Court Opinion

ID: 9692076
Source: CourtListenerOpinion
Date Created: 2023-08-25 15:39:40.28327+00
Date Added: 2024-06-11T18:19:30.582643
License: Public Domain

SCHILLER, J.,
dissenting:
¶ 1 Because I believe that the police in this case had no reasonable or articulable basis for suspecting that Appellant’s mother was involved in criminal activity, and because in stopping her the police created the exigent circumstances on which they relied to conduct a warrantless search, I respectfully dissent.

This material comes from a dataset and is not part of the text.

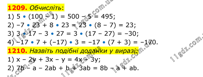 1209. Обчисліть: 1) 5 • (100 – 1) = 500 – 5 = 495; 2) –7 • 23 + 8 • 23 = 23 • (8 – 7) = 23; 3) 3 • 17 – 3 • 27 = 3 • (17 – 27) = –30; 4) –17 • 7 + (–17) • 3 = –17 • (7 + 3) = –170. 1210. Назвіть подібні доданки у виразі: 1) х – 2у + Зх – у = 4x – 3y; 2) 7b – а – 2ab + b + 3ab = 8b – a + ab.

¶ 2 The majority distinguishes our Supreme Court’s holding in Commonwealth v. Melendez, 544 Pa. 323, 676 A.2d 226 (1996), arguing that, in this case, the police acted permissibly in stopping Appellant’s mother.. I disagree. In this case, neither the information provided by the anonymous confidential informant nor the police’s own surveillance at the scene linked the woman, later identified as Appellant’s mother, to suspected criminal activity. The information provided by the anonymous confidential informant related solely to the activities of Appellant at this particular location. Moreover, while the woman was seen exiting a suspected “stash house” with a white plastic bag “similar” to that carried into the residence by Appellant, there was no evidence that this bag contained controlled substances. As the Supreme Court recognized in Melendez, merely leaving the scene of suspected criminal activity, without more, does not provide police with justification to perform even a limited Terry7 stop.

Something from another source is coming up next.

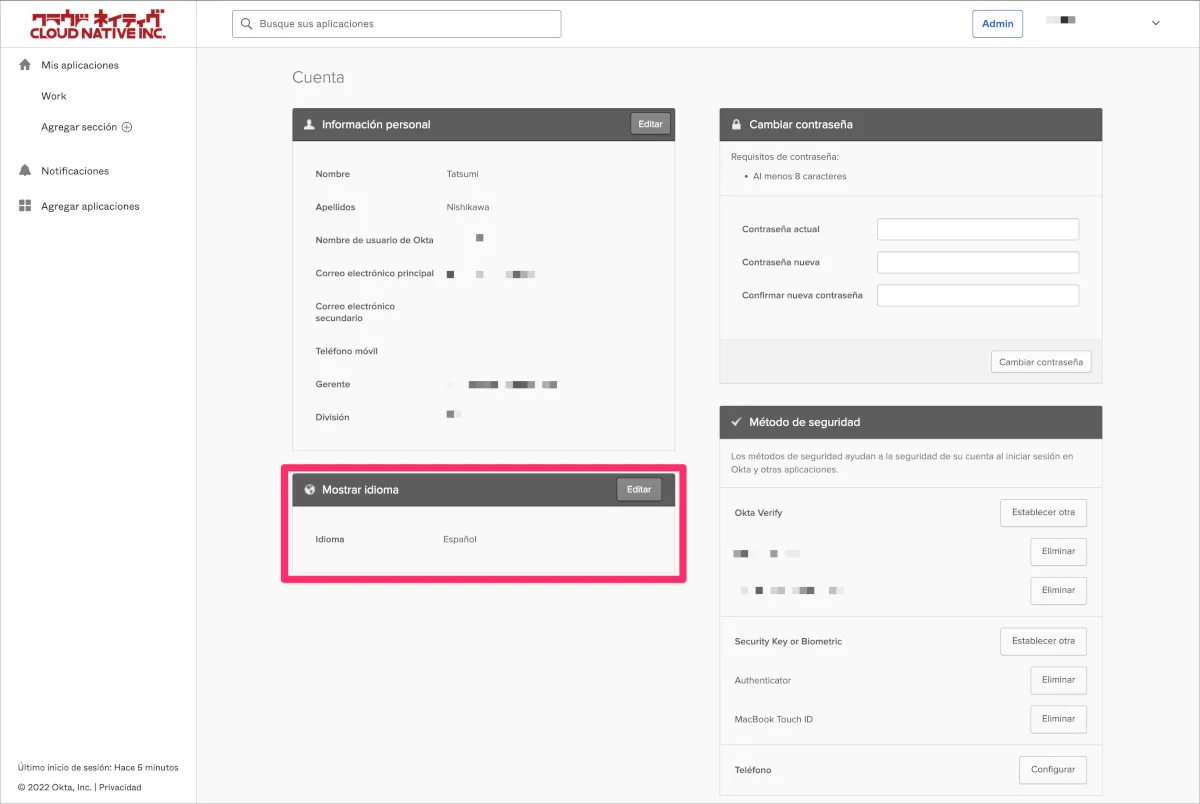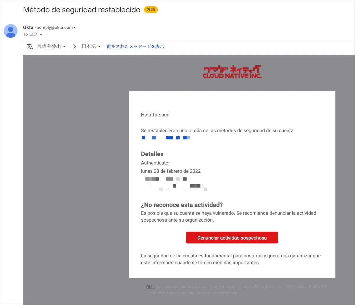 このユーザーがOktaから受け取るメールは下記のように個人が設定した言語であるスペイン語となります。この例ではユーザーがMFAリセットを行ったための確認メールがスペイン語で送付されています。

¶ 3 I also disagree with the majority’s conclusion that the police had exigent circumstances following the stop of Appellant’s mother to search the residence. Instead of following the woman to see where she went and/or continuing their surveillance of the residence until the search warrant was procured, the police stopped her in full view of the persons inside the house thereby “blowing their cover”. Again, there was no imperative need for police intervention at the time of the stop and, as our Supreme Court stated in Melendez, “[I]f the concern was that police activity might have been witnessed by a *121person remaining in the house who might begin to destroy evidence, such a possibility is of no legal consequence, for police may not create their own exigencies, which they then use as justification for exclusion from normal warrant requirements.” 544 Pa. at 332, 676 A.2d at 230.
¶ 4 I would therefore find that the stop and, therefore, the search of the residence were illegal, and the items seized as a result thereof should have been suppressed.

. Terry v. Ohio, 392 U.S. 1, 88 S.Ct. 1868, 20 L.Ed.2d 889 (1968).